Wednesday, January 03, 2007

I'm tired of fighting the inevitable.

Over the holidays I got a bunch of crap from a lot of people who love me, or at least like me, along the lines of "when are you going to give up this crappy sobriety job of yours and either get a "real" job OR, at least, start doing something that feeds your soul?"

I've decided that I have a new guardian angel, the former head of Worldwide Equities at Big-Assed-Brokerage House, Incorporated, where I worked from 1983 until liquor became more important than work in 1994. The Angel in question passed away last May and ever since then I've had this nagging, niggling, feeling that he was nudging me back towards the Street to finish out my working years making a few sheckles I can put aside for my REALLY old age.

A very good friend, out of the blue, got a job a few months back at some sort of hedge fund where he had to become a principal of the firm (a high-muckety-muck). That meant becoming licensed with multiple state and federal licenses to act as a stockbroker and also to be able to supervise same. We were talking last week and he casually asked me what would prevent me from working on the street again. "Oh" I said, "I don't have my licenses. They expired many years ago." There was a pause and he said, "That is no longer a problem for you."

Oh, yes it is. I'm thick, but not that thick. I understood what he was offering me. His firm would sponsor me to take the necessary exams, which, basically, meant he was offering me a job.

So, naturally, I called Screen Actors Guild yesterday and inquired as to what it would take to get back into their good graces, too.
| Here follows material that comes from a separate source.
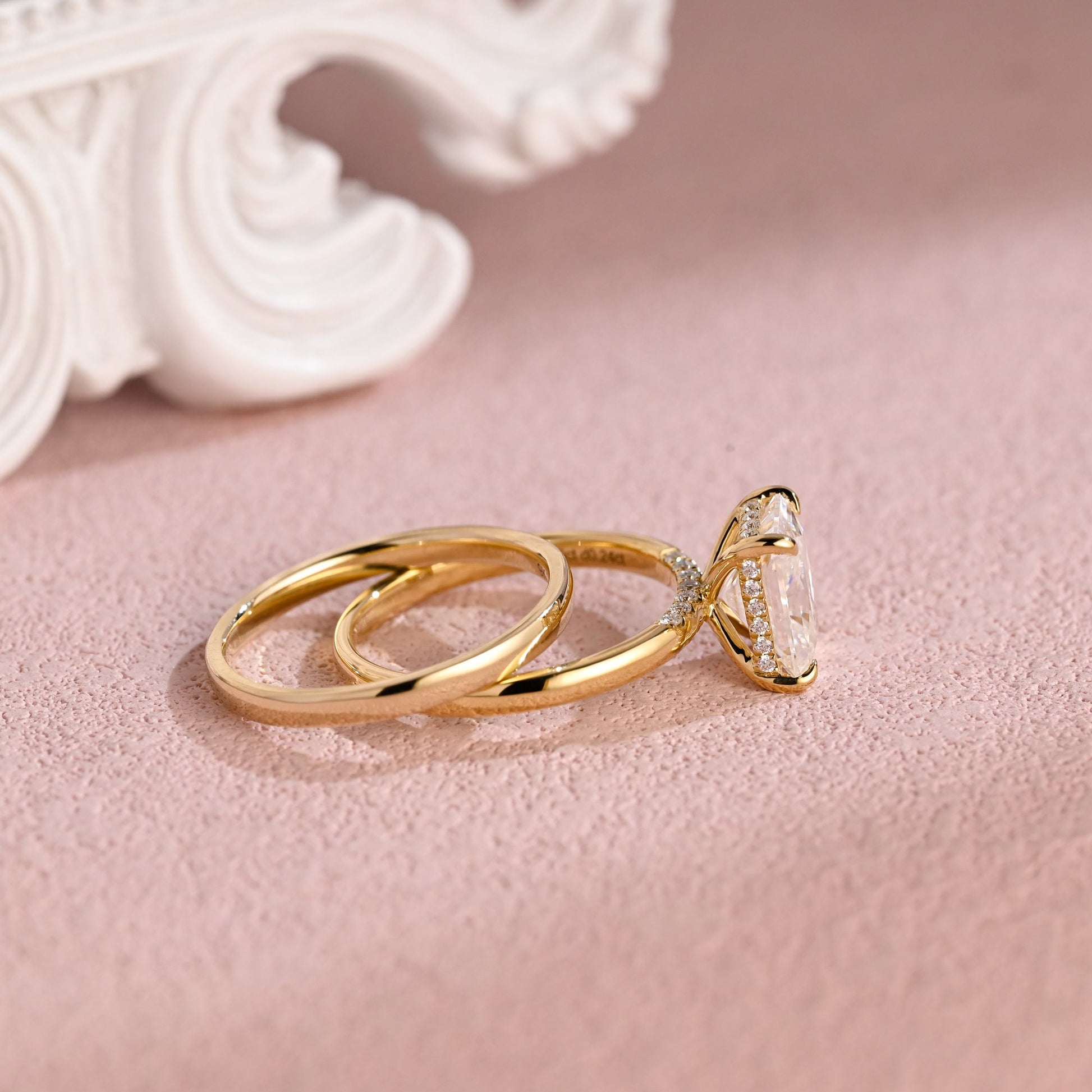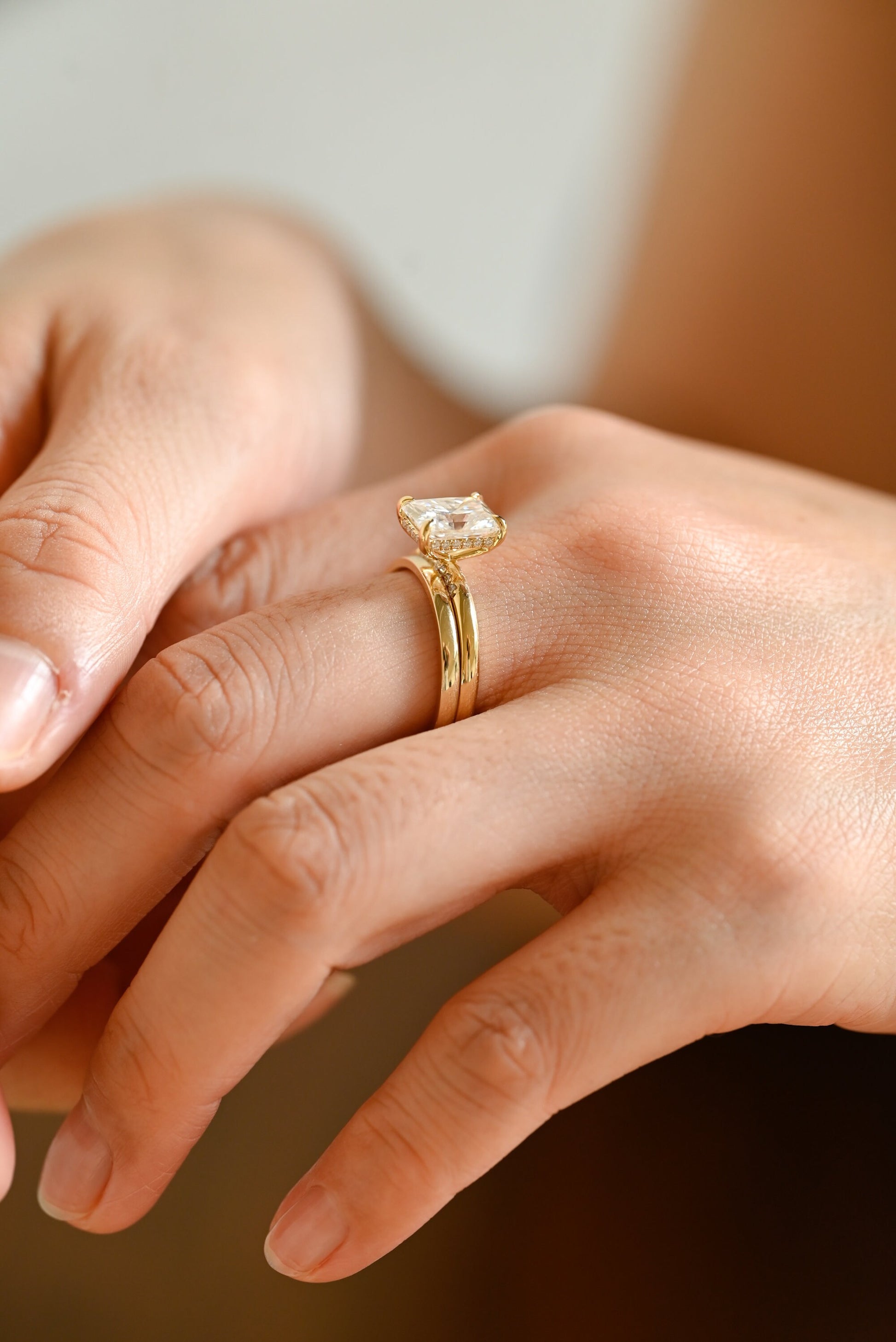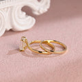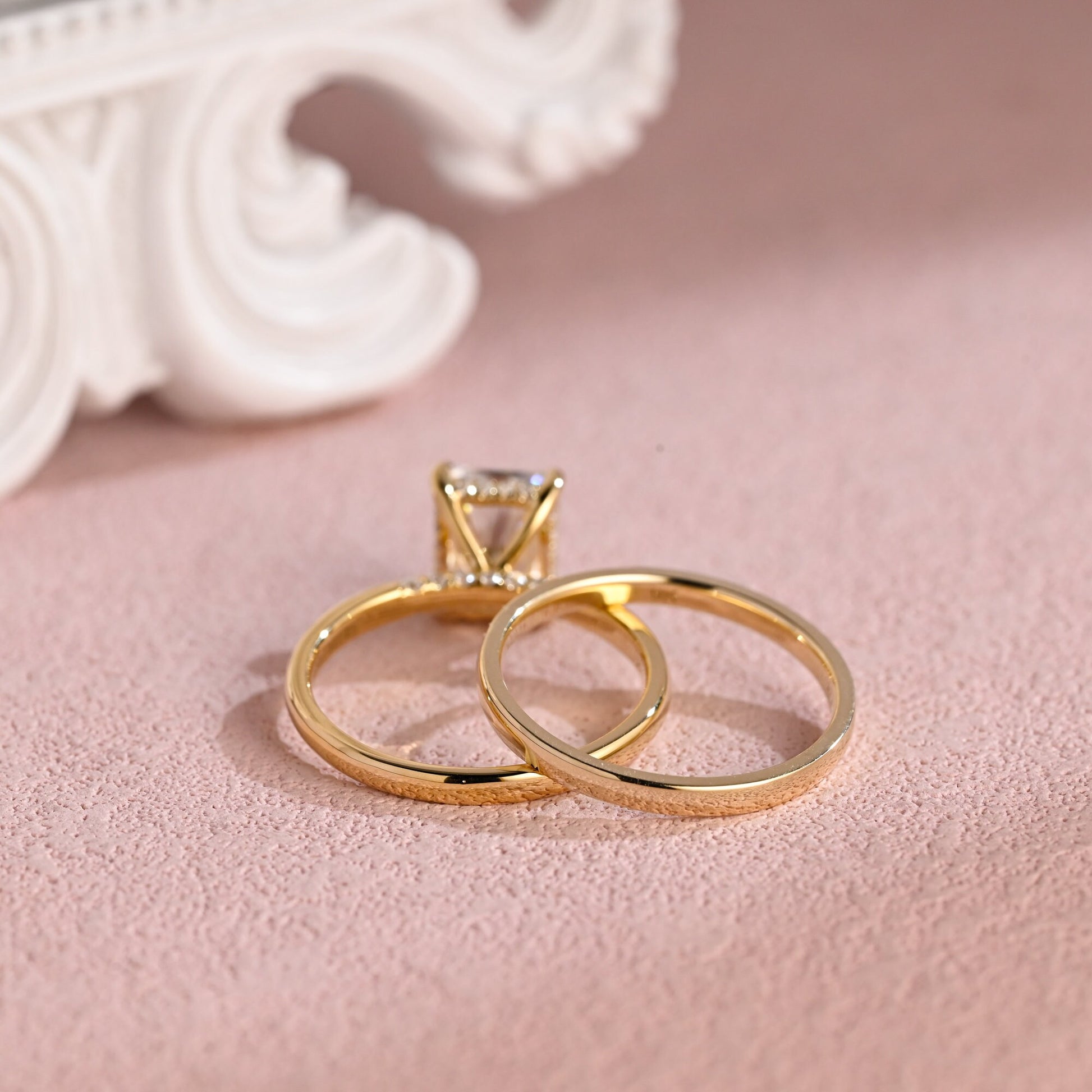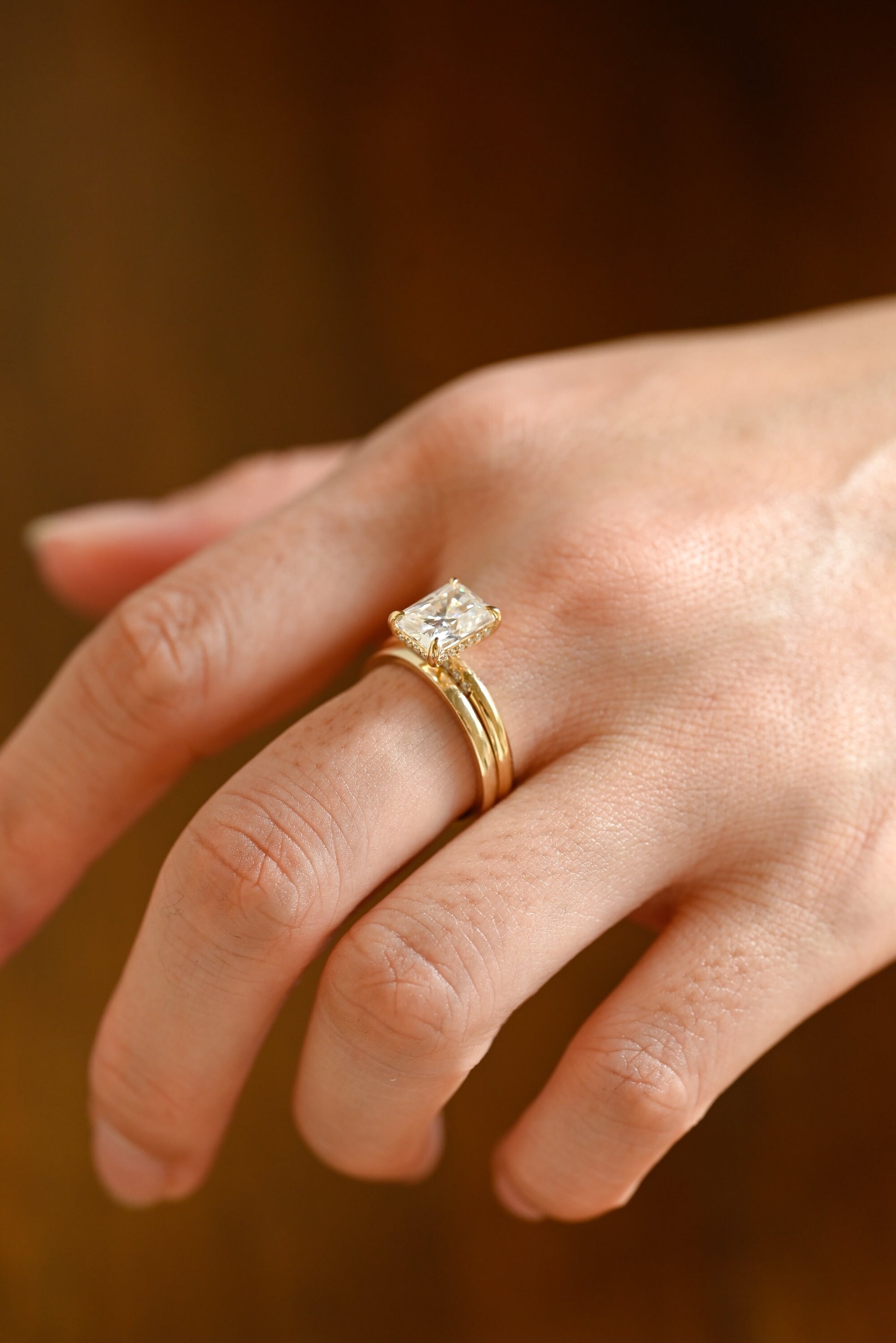 3ct Radiant Cut Moissanite Engagement Ring Set, 14K Yellow Gold Moissanite Bridal Set, Gold Plain Wedding Band Matching Band Gift for Women

I'd been a member in good standing of the Guild from 1980 until 1995, when I just ... well, stopped paying my dues. I'm still waiting to hear back from them on that one. I know some agents in recovery now.

Then, another friend who just happens to be a Hip-Hop Artist of some note, started ragging on me to start "getting with" the writing. Not just this blog. She was very serious about me getting very serious.

I don't know what's going on, but I do know that the signs are everywhere. It's time for a change. A REALLY BIG CHANGE.

I hate change. Most drunks do. Things are just fine, thankyewverymuchferaskin'.

But change is inevitable. I have learned that. I've also learned to (somewhat) not be afraid of it.

Growth. It ain't just for puberty anymore.